Действие начинается в запущенном, с отколовшейся плиткой и потрескавшимся бетонным амфитеатром зале заседаний, решенном в духе позднесоветской архитектуры серо-бело-грязных тонов. Здесь толпится разношерстная публика, две прилично одетые дамы начинают драку за бутылку минеральной воды, менты в кожаных куртках собирают «дань» с торговок с баулами, хор просит какого-то боярина смиловаться. Потом оказывается, что все эти люди собрались поставить на Руси какого-то царя, по балкону проходит патриарх (что он тут забыл?), затем внизу появляются богомольцы с иконами и огромным триколором (откуда и зачем они здесь?). Следом опять поёт хор, затем появляется певец Алексей Марков, выходит на трибуну с гербом СССР, и тут, наконец-то, начинается вокал, потому что Марков — певец выдающихся способностей и плохо петь не может, видимо, даже в столь нелепых обстоятельствах. Следующая за этими странными мизансценами сцена коронации, видимо, должна была дать импульс дальнейшему развитию сюжета, так как под торжественные перезвоны с колосников спускается роскошная «бронзовая» люстра «конфессионального дизайна», грязные антресоли превращаются в позолоченные хоры, а с обкомовской стены срывается завеса и обнажает огромный иконостас.

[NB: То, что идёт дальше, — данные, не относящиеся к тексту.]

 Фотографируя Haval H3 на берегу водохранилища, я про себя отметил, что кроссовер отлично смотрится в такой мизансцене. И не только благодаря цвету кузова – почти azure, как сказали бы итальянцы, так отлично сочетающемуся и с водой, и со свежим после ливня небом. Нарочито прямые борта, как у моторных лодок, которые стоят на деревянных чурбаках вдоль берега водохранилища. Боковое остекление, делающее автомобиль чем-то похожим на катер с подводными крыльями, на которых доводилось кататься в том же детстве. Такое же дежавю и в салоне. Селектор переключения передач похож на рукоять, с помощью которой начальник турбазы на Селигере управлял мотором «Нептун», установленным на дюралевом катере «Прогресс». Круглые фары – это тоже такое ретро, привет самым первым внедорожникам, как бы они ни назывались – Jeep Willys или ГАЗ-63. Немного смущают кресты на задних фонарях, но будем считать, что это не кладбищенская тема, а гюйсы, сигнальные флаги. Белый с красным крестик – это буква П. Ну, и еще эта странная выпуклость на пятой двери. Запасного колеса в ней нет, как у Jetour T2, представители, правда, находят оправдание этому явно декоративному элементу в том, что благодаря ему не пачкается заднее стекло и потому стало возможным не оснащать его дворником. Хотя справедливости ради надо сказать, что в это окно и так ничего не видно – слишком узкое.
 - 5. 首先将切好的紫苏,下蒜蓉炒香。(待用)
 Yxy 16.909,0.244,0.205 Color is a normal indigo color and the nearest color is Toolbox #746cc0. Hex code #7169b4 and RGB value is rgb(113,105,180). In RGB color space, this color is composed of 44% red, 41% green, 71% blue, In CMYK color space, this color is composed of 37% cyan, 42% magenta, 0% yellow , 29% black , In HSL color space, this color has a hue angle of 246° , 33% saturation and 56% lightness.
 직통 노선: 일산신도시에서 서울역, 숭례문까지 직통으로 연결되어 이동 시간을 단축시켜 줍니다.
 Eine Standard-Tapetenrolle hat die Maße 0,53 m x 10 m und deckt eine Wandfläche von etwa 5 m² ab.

Само по себе это превращение обкома в православный храм «остроумно», «свежо» и до слёз «неожиданно». Но импульсом к дальнейшему осмыслению сюжета почему-то не становится. Разумеется, немецкая публика Фестшпильхауса в Баден-Бадене, совместно с которым осуществлена новая мариинская постановка, будет в диком восторге от этой метафоры, равно как и от топтания массовки по поверженному гербу СССР, но у меня в сознании эта метаморфоза провисает одной из важнейших режиссёрских нелепостей, потому что дальше это превращение обкома в храм никак и ни на что не работает. По законам театра так делать нельзя. Это не просто нелогично (ружьё должно стрелять, коль вынесено на сцену), но создаёт совершенно ненужные манипулятивные «шумы», отвлекающие от основной идеи произведения. И шумов таких в спектакле весьма много.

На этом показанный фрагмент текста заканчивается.